Should test scores be used AT ALL for teacher evaluation? By Valerie Strauss


Earlier this week a major report was released (pdf) saying that “value-added” formulas based on standardized test scores to evaluate teachers are unreliable and should not be used as a major factor in teacher assessment.

“Value-added modeling” has become the new big phrase in the education world. Essentially, it means measures that use test scores to track the growth of individual students as they progress through the grades to see how much “value” a teacher has added.

The value-added movement is supported by the Obama administration, which encouraged states to change laws to allow teachers to be evaluated primarily by such measures. And the Los Angeles Times recently used such a formula to grade more than 6,000 California teachers in a project that is highly controversial.

This would all be fine if assessment experts haven’t repeatedly warned that standardized tests designed for students should not be used to evaluate teachers. But they have. In addition, value-added formulas do not include other factors that affect students, and can skew results by giving better scores to teachers who “teach to the test” and lesser scores to teachers who are assigned students with the greatest educational needs.

In this climate, the Economic Policy Institute, a nonpartisan, nonprofit think tank based in Washington, the report, which concludes that heavy reliance on VAM methods should not dominate high-stakes decisions about teacher evaluation and pay.

The report, written by 10 prominent educators and researchers, says:

There is broad agreement among statisticians, psychometricians, and economists that student test scores alone are not sufficiently reliable and valid indicators of teacher effectiveness to be used in high-stakes personnel decisions, even when the most sophisticated statistical applications such as value-added modeling are employed.

For a variety of reasons, analyses of VAM results have led researchers to doubt whether the methodology can accurately identify more and less effective teachers. VAM estimates have proven to be unstable across statistical models, years, and classes that teachers teach.

And it warns of negative consequences if “value added” is a key component in evaluation — including more “teaching to the test” and narrowed curriculum. Further, the study says, teachers may try to avoid being assigned particularly needy students because they do worse on standardized tests.

With all of that said, I wondered why the report did not say that these measures should not be used at all in evaluation.

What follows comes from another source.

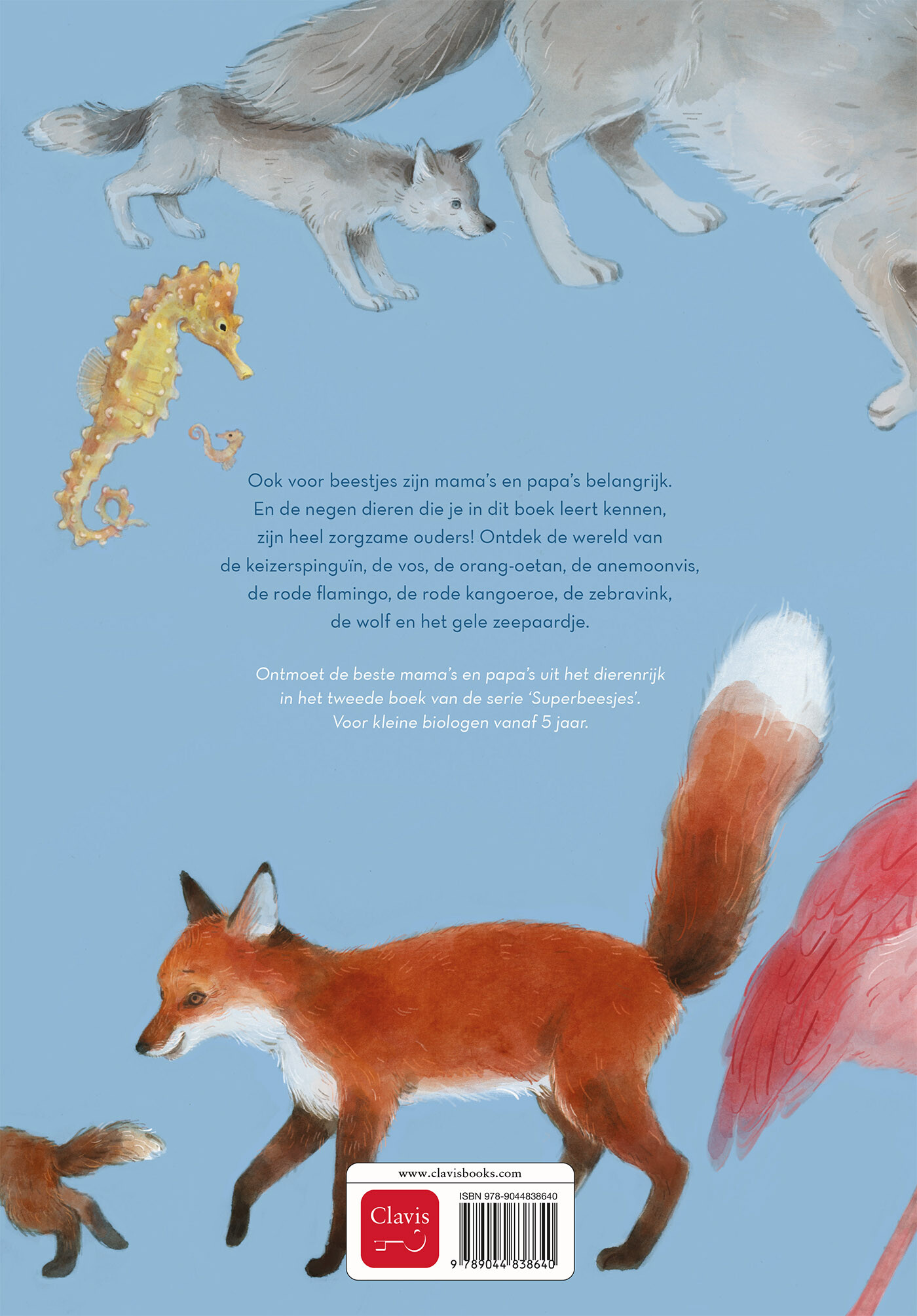 Ook voor beestjes zijn mama’s en papa’s belangrijk. En de negen dieren die je in dit boek leert kennen, zijn heel zorgzame ouders! Ontdek de wereld van de keizerspinguïn, de vos, de orang-oetan, de anemoonvis, de rode flamingo, de rode kangoeroe, de zebravink, de wolf en het gele zeepaardje.

The executive summary says:

Legislatures should not mandate a test-based approach to teacher evaluation that is unproven and likely to harm not only teachers, but also the children they instruct.

But it also says:

Adopting an invalid teacher evaluation system and tying it to rewards and sanctions is likely to lead to inaccurate personnel decisions and to demoralize teachers, causing talented teachers to avoid high-needs students and schools, or to leave the profession entirely, and discouraging potentially effective teachers from entering it.

So, what gives? Why should VAM measures be used if there is no consensus that they are reliable assessment tools? Why should they be given any weight? There are better, albeit more time-consuming ways, to weed out bad teachers.

I asked EPI to query the authors about this, and received a response from Helen F. Ladd, professor of public policy and economics at Duke University, president-elect of the Association for Public Policy Analysis and Management.

You can see the full list of authors, which includes Diane Ravitch and Linda Darling-Hammond, here, along with the executive summary.

I asked: If student standardized test scores are unreliable as stated in the study, why should they be used at all in teacher evaluation? Why doesn’t the study say they should not be used, period, for this purpose? Was the study bending to political reality?

Ladd: “There is no perfect way to evaluate teachers. Test scores are unreliable; so are principal observations, or peer evaluations, or analysis of videotapes, and so on. The only way to evaluate teachers fairly is to gather information from a variety of imperfect sources, each of which may contribute some information. If a teacher seemed to be ineffective in all of these measures, I’d be pretty confident that the teacher was ineffective. But if a teacher were ineffective only on one of them, I would be reluctant to make that conclusion.

“Test scores are unreliable, but they are still more often right than wrong, but not sufficiently more often to justify making high-stakes decisions on the basis of test scores alone. But giving test scores too much weight in a balanced evaluation system runs the additional danger of creating incentives to narrow the curriculum, as we described in the paper. If they are not given too much weight, this danger is lessened. How much weight they should be given should be a matter of local experimentation and judgment. All we say in the paper is that giving them 50 percent of the weight is too much.”